| Raw data |
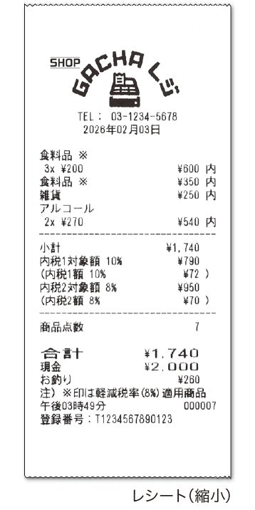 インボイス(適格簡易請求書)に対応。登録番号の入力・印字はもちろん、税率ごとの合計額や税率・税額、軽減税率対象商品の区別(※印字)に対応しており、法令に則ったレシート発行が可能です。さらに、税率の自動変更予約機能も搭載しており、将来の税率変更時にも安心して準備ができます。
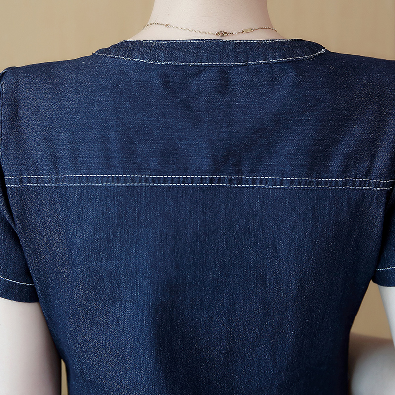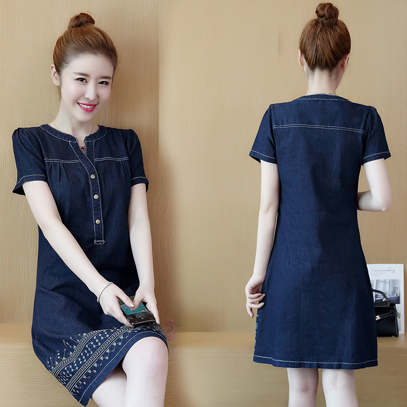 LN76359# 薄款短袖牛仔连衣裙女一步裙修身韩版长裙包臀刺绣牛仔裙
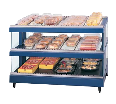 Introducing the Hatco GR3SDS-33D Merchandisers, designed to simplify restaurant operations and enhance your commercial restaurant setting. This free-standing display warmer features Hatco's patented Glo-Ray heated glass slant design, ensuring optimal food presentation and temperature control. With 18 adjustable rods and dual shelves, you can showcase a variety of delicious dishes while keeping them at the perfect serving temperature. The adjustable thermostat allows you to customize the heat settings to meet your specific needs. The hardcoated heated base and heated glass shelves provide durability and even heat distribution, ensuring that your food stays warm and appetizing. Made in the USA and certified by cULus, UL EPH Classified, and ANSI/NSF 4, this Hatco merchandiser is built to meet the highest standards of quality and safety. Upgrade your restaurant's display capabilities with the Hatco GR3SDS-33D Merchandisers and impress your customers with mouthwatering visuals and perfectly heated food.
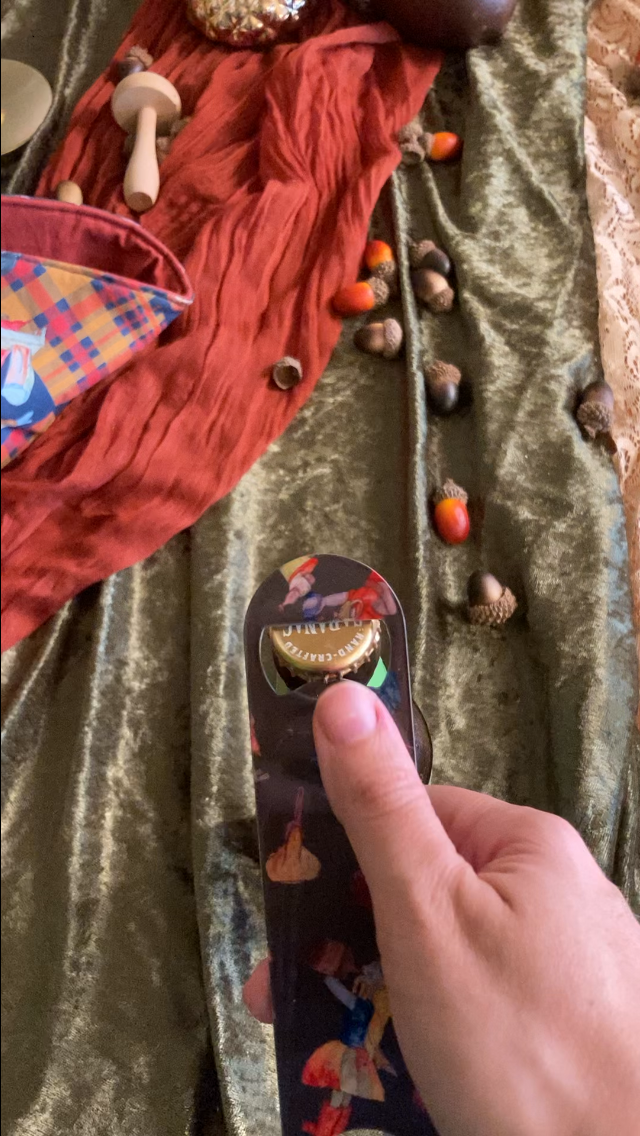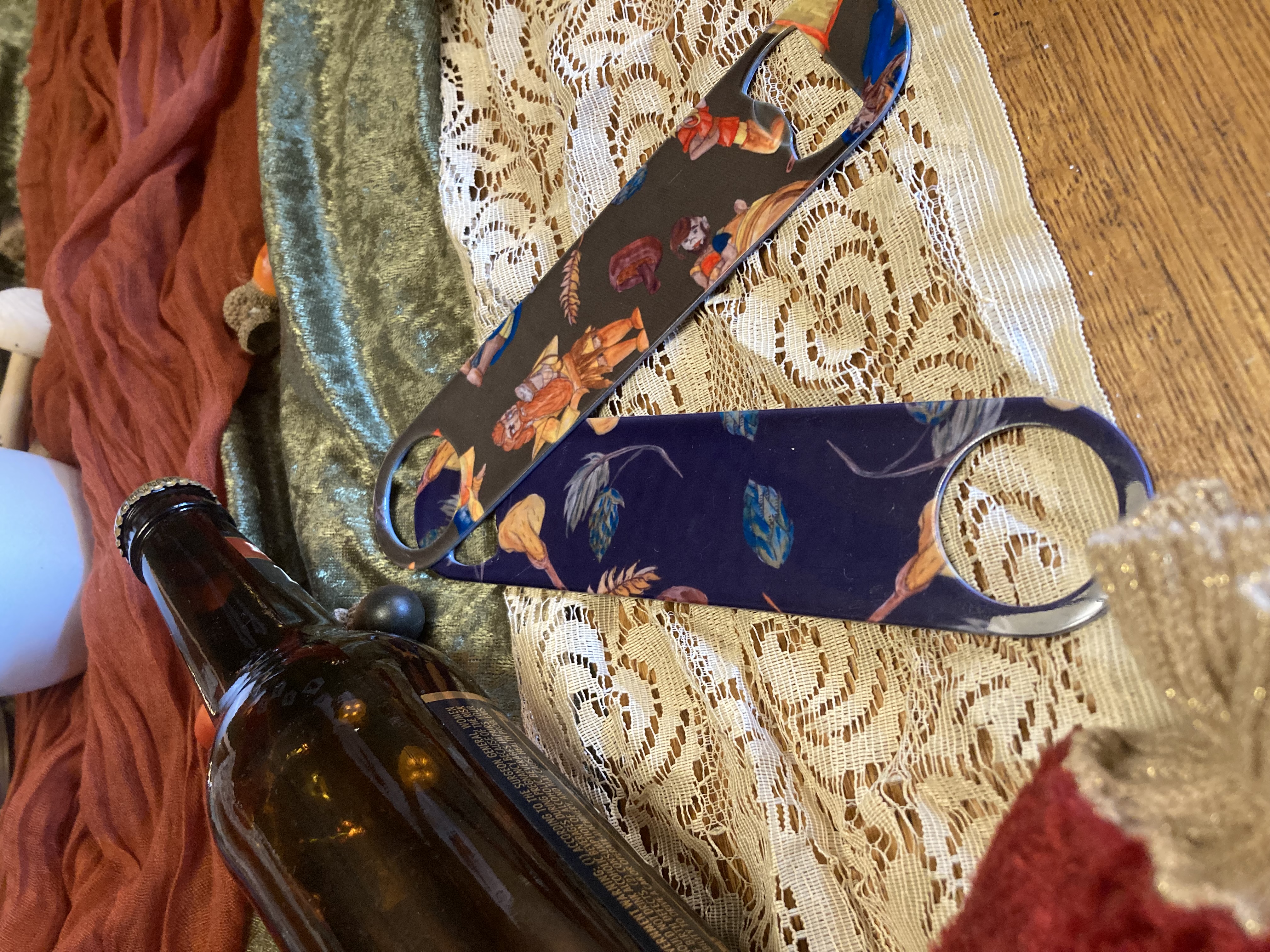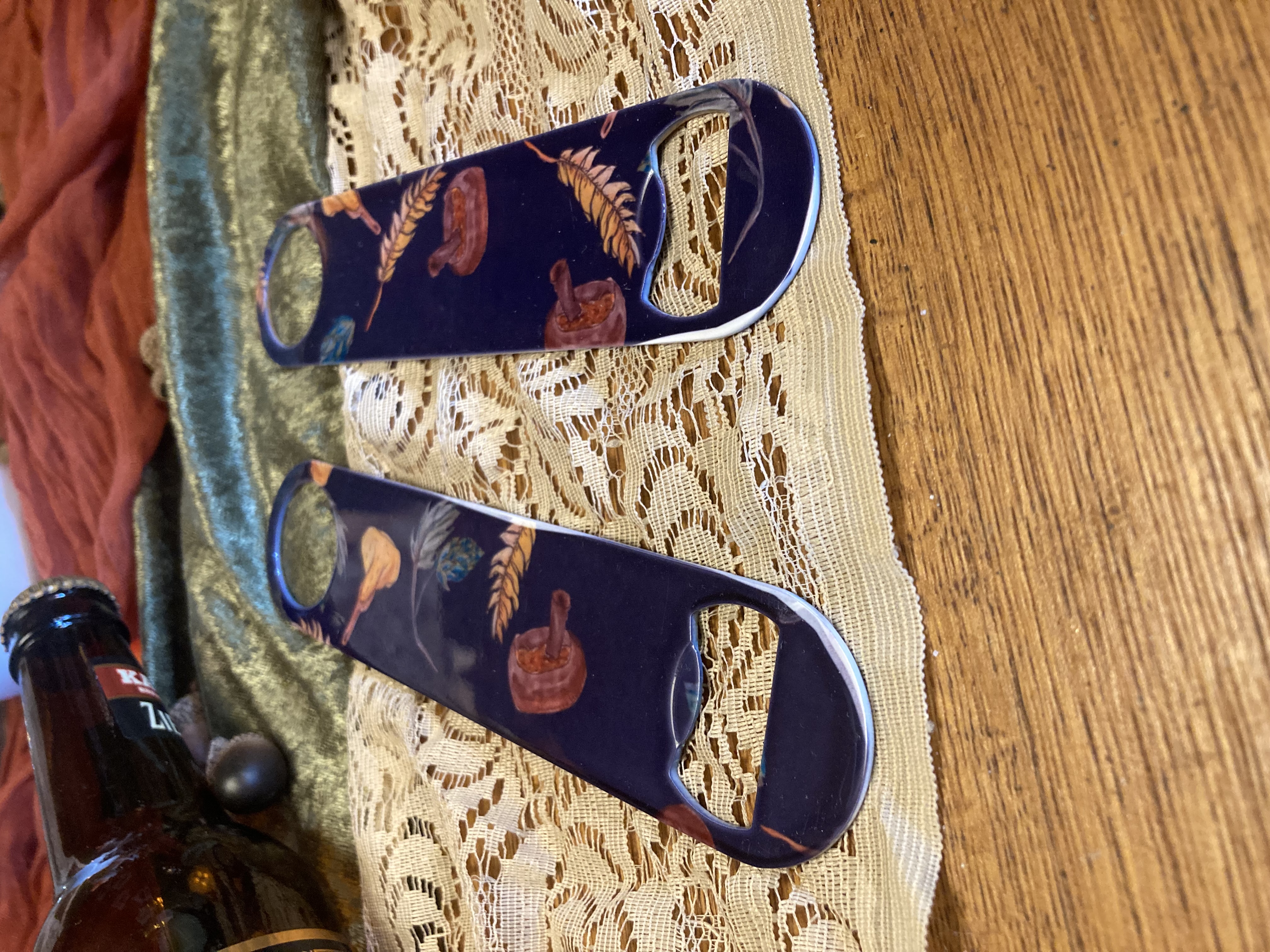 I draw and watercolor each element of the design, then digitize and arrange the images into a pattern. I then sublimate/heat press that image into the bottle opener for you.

| What the exercise asks |
Each line above is to be repeated exactly as written; no picture is carried over.

| Written response |
 インボイス(適格簡易請求書)に対応。登録番号の入力・印字はもちろん、税率ごとの合計額や税率・税額、軽減税率対象商品の区別(※印字)に対応しており、法令に則ったレシート発行が可能です。さらに、税率の自動変更予約機能も搭載しており、将来の税率変更時にも安心して準備ができます。
 LN76359# 薄款短袖牛仔连衣裙女一步裙修身韩版长裙包臀刺绣牛仔裙
 Introducing the Hatco GR3SDS-33D Merchandisers, designed to simplify restaurant operations and enhance your commercial restaurant setting. This free-standing display warmer features Hatco's patented Glo-Ray heated glass slant design, ensuring optimal food presentation and temperature control. With 18 adjustable rods and dual shelves, you can showcase a variety of delicious dishes while keeping them at the perfect serving temperature. The adjustable thermostat allows you to customize the heat settings to meet your specific needs. The hardcoated heated base and heated glass shelves provide durability and even heat distribution, ensuring that your food stays warm and appetizing. Made in the USA and certified by cULus, UL EPH Classified, and ANSI/NSF 4, this Hatco merchandiser is built to meet the highest standards of quality and safety. Upgrade your restaurant's display capabilities with the Hatco GR3SDS-33D Merchandisers and impress your customers with mouthwatering visuals and perfectly heated food.
 I draw and watercolor each element of the design, then digitize and arrange the images into a pattern. I then sublimate/heat press that image into the bottle opener for you.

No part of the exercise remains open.